[Records from a data collection]
§ §

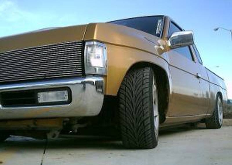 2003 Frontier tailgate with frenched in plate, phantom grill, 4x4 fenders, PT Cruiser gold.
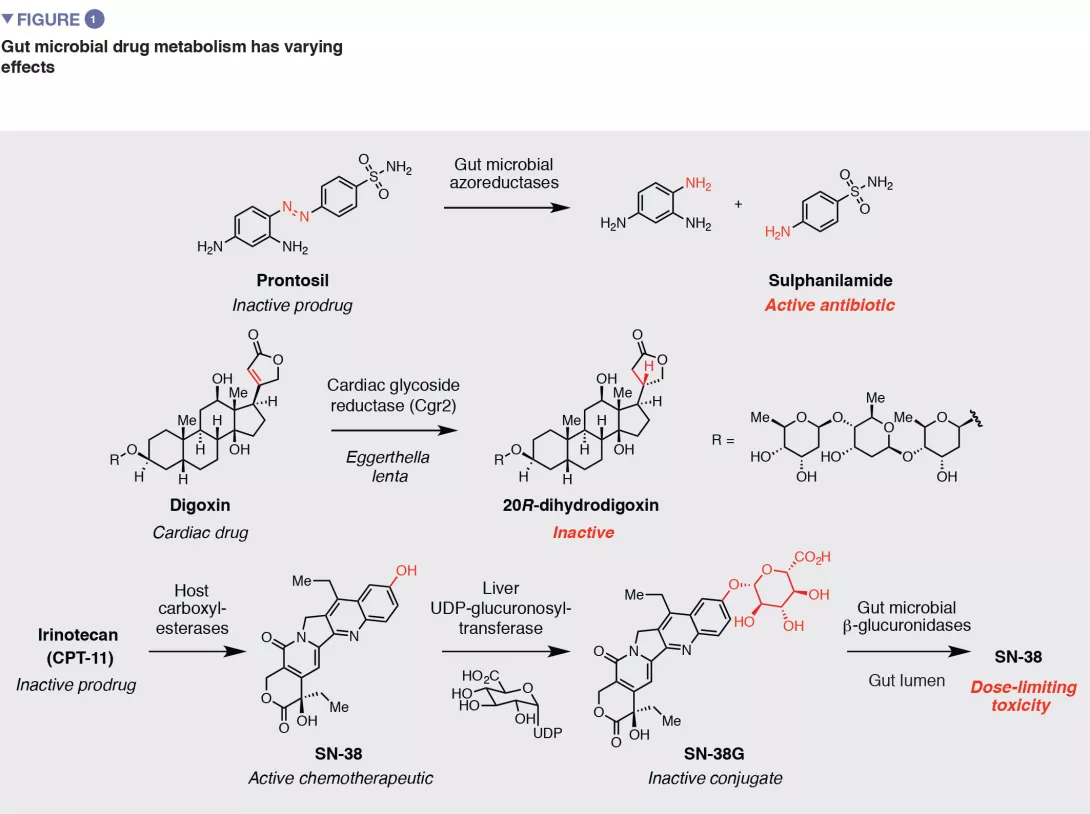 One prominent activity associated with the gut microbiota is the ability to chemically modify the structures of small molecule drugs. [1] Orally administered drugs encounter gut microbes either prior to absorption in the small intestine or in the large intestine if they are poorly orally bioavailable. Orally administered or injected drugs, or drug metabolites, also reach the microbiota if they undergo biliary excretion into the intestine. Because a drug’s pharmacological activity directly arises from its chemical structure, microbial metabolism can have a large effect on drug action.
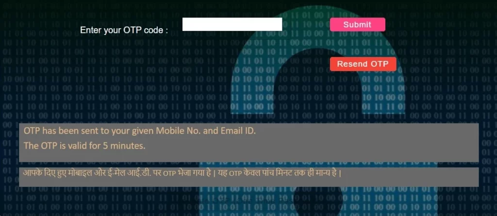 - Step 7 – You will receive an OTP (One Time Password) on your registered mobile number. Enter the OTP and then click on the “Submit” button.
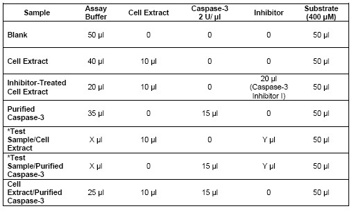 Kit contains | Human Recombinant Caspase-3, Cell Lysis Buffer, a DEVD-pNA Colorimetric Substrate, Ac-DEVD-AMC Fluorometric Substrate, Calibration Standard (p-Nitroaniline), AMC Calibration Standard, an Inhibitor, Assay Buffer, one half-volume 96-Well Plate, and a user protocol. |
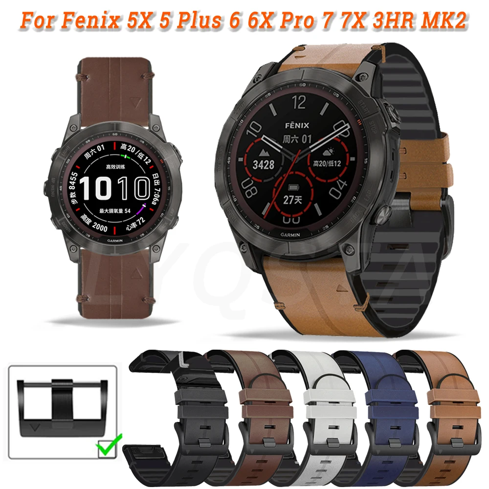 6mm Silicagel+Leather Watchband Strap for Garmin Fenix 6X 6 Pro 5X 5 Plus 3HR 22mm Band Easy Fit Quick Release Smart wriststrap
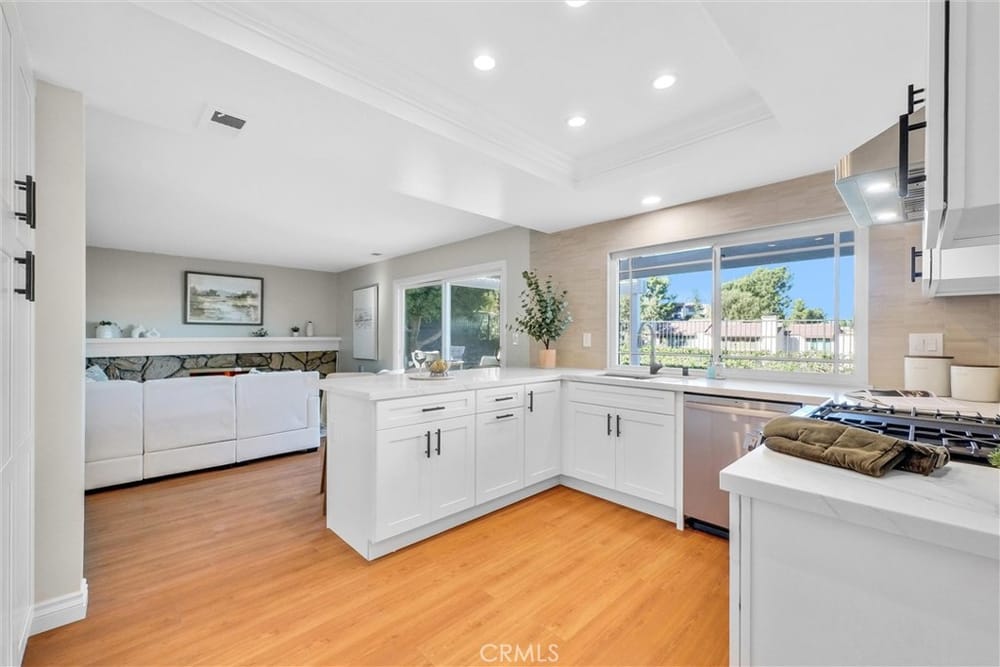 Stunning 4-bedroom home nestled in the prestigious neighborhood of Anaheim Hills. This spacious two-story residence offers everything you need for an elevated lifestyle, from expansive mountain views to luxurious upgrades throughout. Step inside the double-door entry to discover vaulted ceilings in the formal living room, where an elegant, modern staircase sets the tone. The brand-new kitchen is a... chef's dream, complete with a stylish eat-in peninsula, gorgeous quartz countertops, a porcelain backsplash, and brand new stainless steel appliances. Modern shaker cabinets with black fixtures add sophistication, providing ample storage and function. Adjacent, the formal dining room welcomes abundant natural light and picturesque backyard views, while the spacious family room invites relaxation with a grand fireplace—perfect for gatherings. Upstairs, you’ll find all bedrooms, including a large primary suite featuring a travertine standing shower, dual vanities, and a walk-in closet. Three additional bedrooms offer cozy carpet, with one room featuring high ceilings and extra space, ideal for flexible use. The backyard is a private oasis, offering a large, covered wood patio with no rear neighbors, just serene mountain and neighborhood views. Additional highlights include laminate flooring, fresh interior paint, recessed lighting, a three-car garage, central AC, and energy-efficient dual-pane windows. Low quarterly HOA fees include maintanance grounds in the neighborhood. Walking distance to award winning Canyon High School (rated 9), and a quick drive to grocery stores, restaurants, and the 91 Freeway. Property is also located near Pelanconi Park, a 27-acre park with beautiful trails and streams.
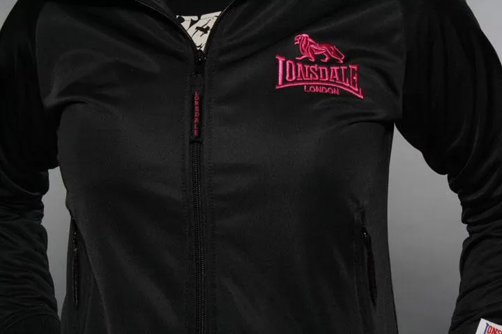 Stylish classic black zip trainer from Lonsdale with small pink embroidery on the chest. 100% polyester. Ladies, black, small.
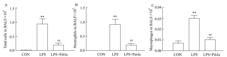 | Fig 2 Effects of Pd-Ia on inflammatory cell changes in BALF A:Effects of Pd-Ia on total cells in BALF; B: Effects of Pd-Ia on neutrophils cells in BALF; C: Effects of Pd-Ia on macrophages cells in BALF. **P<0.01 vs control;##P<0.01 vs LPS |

§ §

| Problem to solve |
Write out, word for word, the lines from the first line of the entries through the one containing "6mm Silicagel+Leather Watchband", both included. Leave out the pictures.

| Result |
 2003 Frontier tailgate with frenched in plate, phantom grill, 4x4 fenders, PT Cruiser gold.
 One prominent activity associated with the gut microbiota is the ability to chemically modify the structures of small molecule drugs. [1] Orally administered drugs encounter gut microbes either prior to absorption in the small intestine or in the large intestine if they are poorly orally bioavailable. Orally administered or injected drugs, or drug metabolites, also reach the microbiota if they undergo biliary excretion into the intestine. Because a drug’s pharmacological activity directly arises from its chemical structure, microbial metabolism can have a large effect on drug action.
 - Step 7 – You will receive an OTP (One Time Password) on your registered mobile number. Enter the OTP and then click on the “Submit” button.
 Kit contains | Human Recombinant Caspase-3, Cell Lysis Buffer, a DEVD-pNA Colorimetric Substrate, Ac-DEVD-AMC Fluorometric Substrate, Calibration Standard (p-Nitroaniline), AMC Calibration Standard, an Inhibitor, Assay Buffer, one half-volume 96-Well Plate, and a user protocol. |
 6mm Silicagel+Leather Watchband Strap for Garmin Fenix 6X 6 Pro 5X 5 Plus 3HR 22mm Band Easy Fit Quick Release Smart wriststrap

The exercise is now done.